Start of Extracted entries

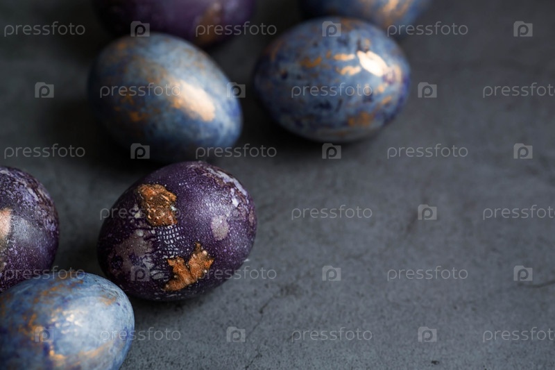 Пасхальная открытка с копией места для текста. Фиолетовые, синие и золотые яйца на темном фоне. Тенденция 2022 года – фиолетовый оттенок очень пери. Чай каркаде с натуральным красителем. Вид сверху
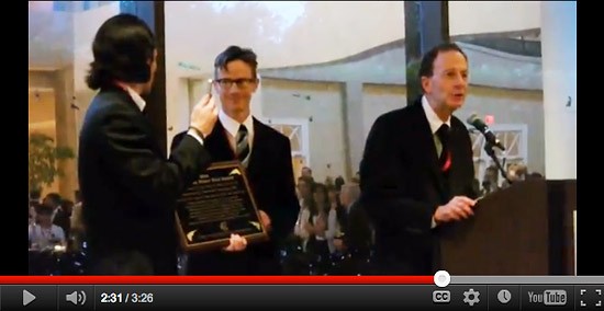 At a corporate event to garner support for secretive copyright treaty the Trans-Pacific Partnership, the Yes Men arrived and tried to present a fake award to US trade ambassador Ron Kirk.
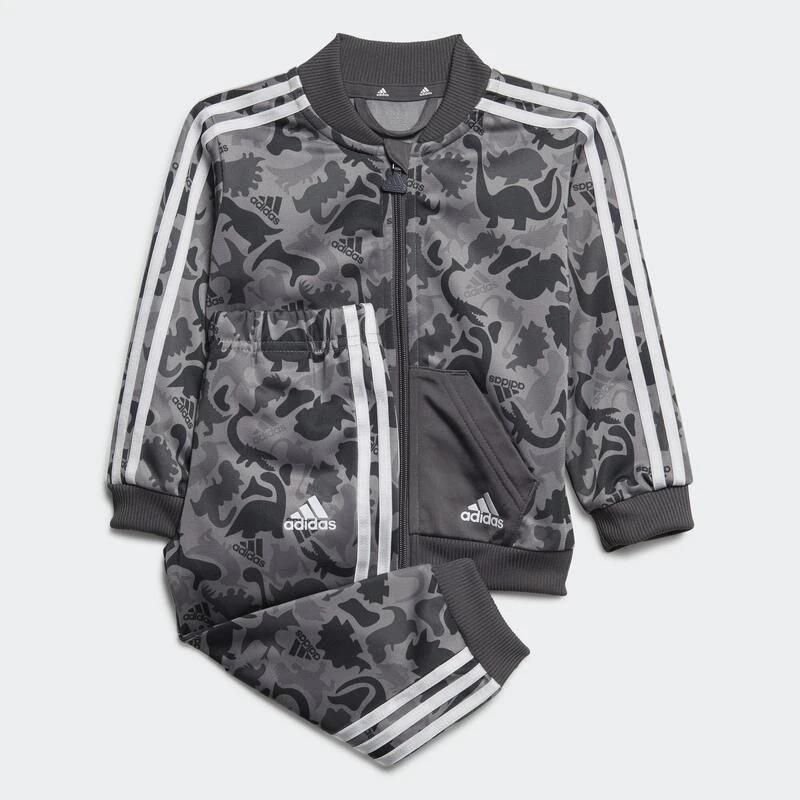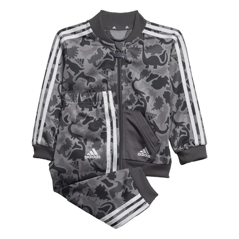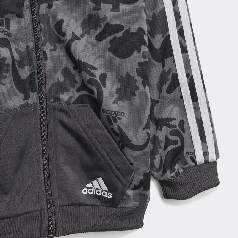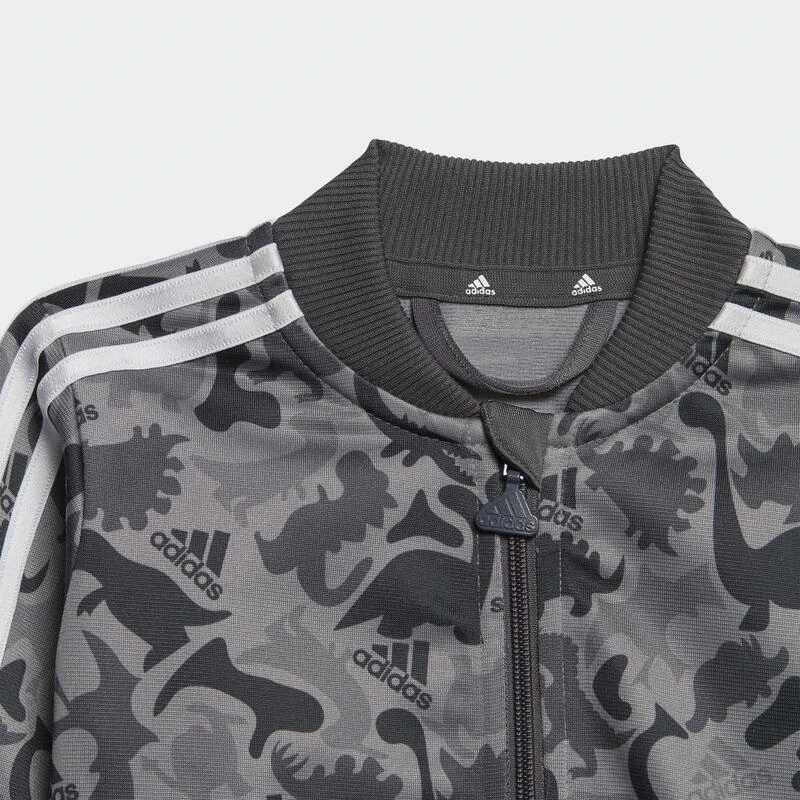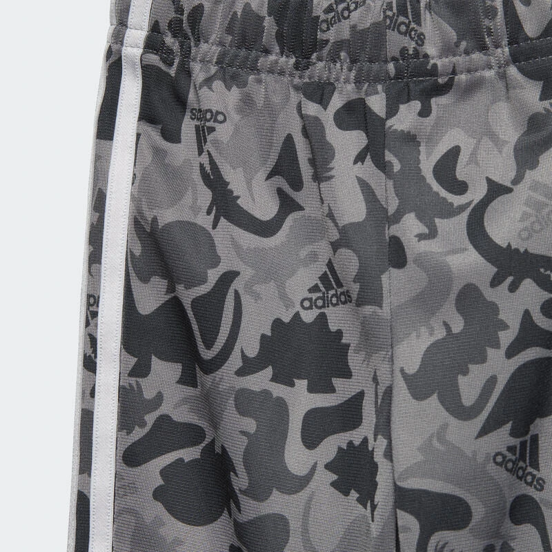 Als je deze camo-print van dichtbij bekijkt, zie je alle favoriete dinosaurussen van je peuter. Dit adidas trainingspakje is licht en luchtig, wat ’t ideaal maakt voor dagelijkse ontdekkingstochten. De makkelijk aan te trekken broek heeft strakke pijpen die perfect in kleine regenlaarsjes passen. Dit met 100% gerecyclede materialen gemaakte product vertegenwoordigt slechts één van onze oplossingen om te helpen een einde te maken aan plastic afval.
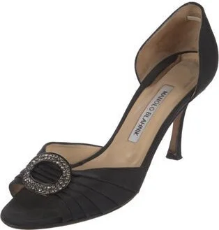 Manolo Blahnik Satin Sandals Black Crystal Embellishments Fit: This style typically runs narrow and a half size small.
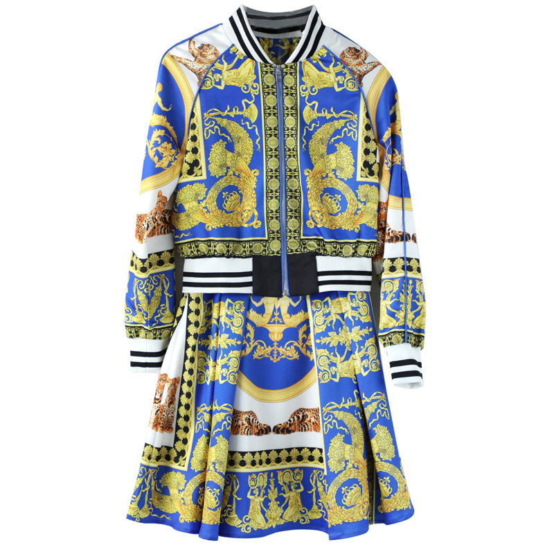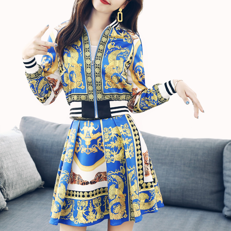 名媛時尚套裝裙秋裝女2018新款印花夾克時髦兩件套半身百褶裙子潮
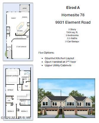 This townhouse located at 9931 Element Road, Jacksonville, FL 32256 is currently listed for sale with an asking price of $435,700. This property was built in 2026 and has 3 bedrooms and 2 full and 1 partial baths with 1926 sq. ft. Element Road is located in the Kettering at eTown subdivision. Search Kettering At ETown real estate on knoel.watsonrealtycorp.com today.
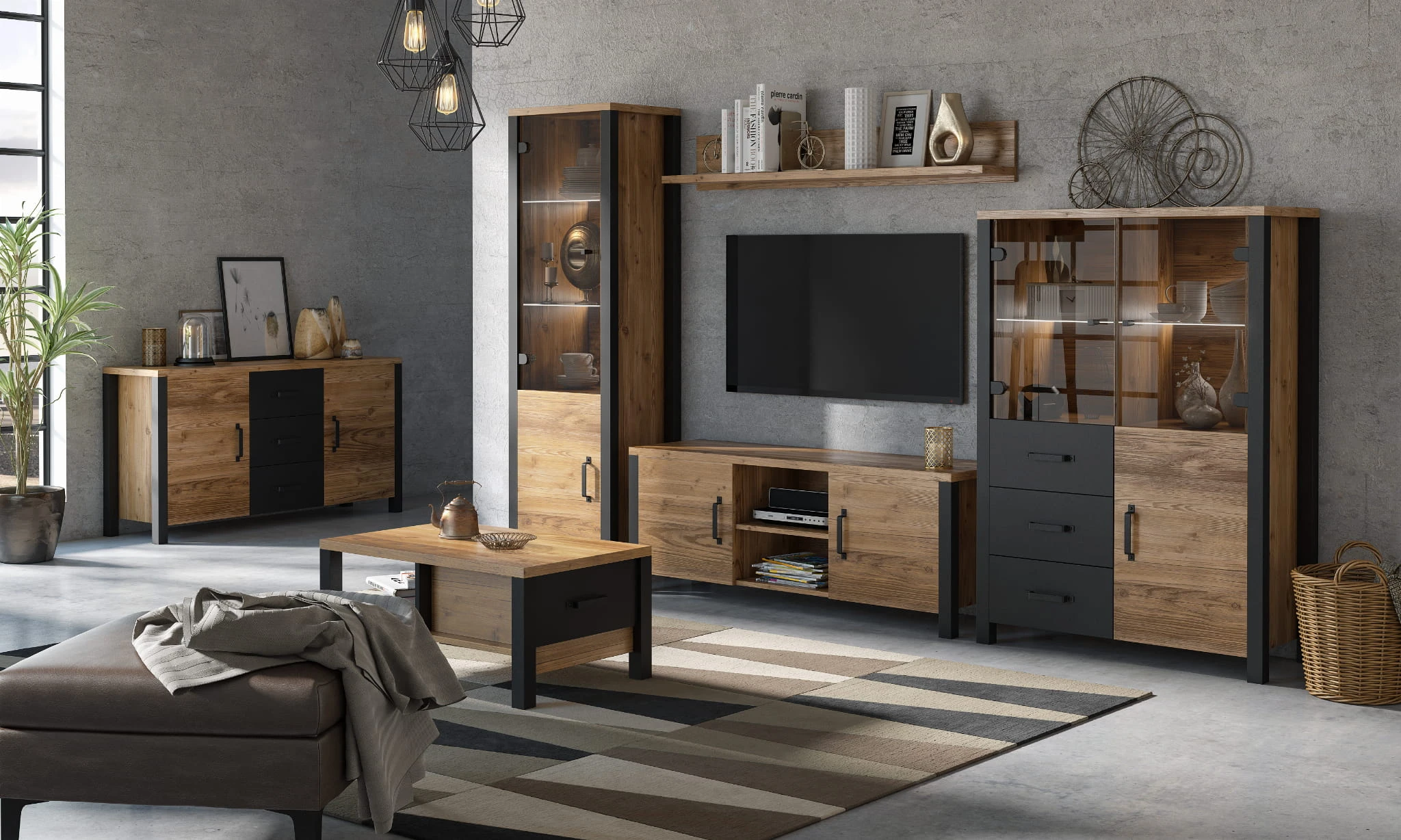 Kolekcja OLIN została zaprojektowana została z myślą o salonie i pokoju dziennym. Kolorystyczny duet drewna z czernią wkomponuje się idealnie w pomieszczenie loftowe i industrialne.

End of Extracted entries

Task objective
Retype, word for word, only the lines from the line with "Manolo Blahnik Satin" to the final line of the listing above; the pictures do not belong in the copy.

Exercise answer
 Manolo Blahnik Satin Sandals Black Crystal Embellishments Fit: This style typically runs narrow and a half size small.
 名媛時尚套裝裙秋裝女2018新款印花夾克時髦兩件套半身百褶裙子潮
 This townhouse located at 9931 Element Road, Jacksonville, FL 32256 is currently listed for sale with an asking price of $435,700. This property was built in 2026 and has 3 bedrooms and 2 full and 1 partial baths with 1926 sq. ft. Element Road is located in the Kettering at eTown subdivision. Search Kettering At ETown real estate on knoel.watsonrealtycorp.com today.
 Kolekcja OLIN została zaprojektowana została z myślą o salonie i pokoju dziennym. Kolorystyczny duet drewna z czernią wkomponuje się idealnie w pomieszczenie loftowe i industrialne.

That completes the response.